The Shanghai Stock Exchange plans to increase the strictness of benchmarks for irregular transactions, as well as take greater pains to prevent undue market fluctuations.
Securities Times reports that senior executives from the SSE including exchange president Huang Hongyuan (黄红元) have spent the past two weeks conducting meetings in Shanghai, Shenzhen, Chongqing and Beijing to outline the exchange’s key work plans for 2018.
The “Shanghai Stock Exchange 2017 President’s Work Report (上海证券交易所2017年总经理工作报告) said that the exchange will “doggedly contain irregular transactions, vigorously uphold healthy and orderly transaction procedures, and firmly prevent major fluctuations on the share market” in 2018.

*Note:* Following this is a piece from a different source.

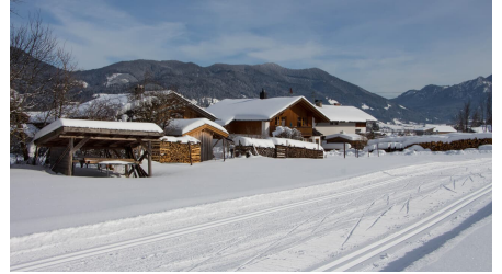
Verbindungsloipe Unterammergau Oberammergau

The SSE will also “strengthen regulation of substantive information disclosures, prevent major risk involving listed companies…continue to expand regulatory vigour, implement special actions to raise the quality of listed companies, and strengthen the regulation of the disclosure of financial information.”
The exchange has further indicated that it will raise its on-site inspection capabilities for both listed companies and companies applying for IPO’s, strengthen risk controls for new businesses and products of members, and drive the development of “across-the-board” account regulatory systems for its initiatives to connect the exchange to bourses in Shenzhen and London.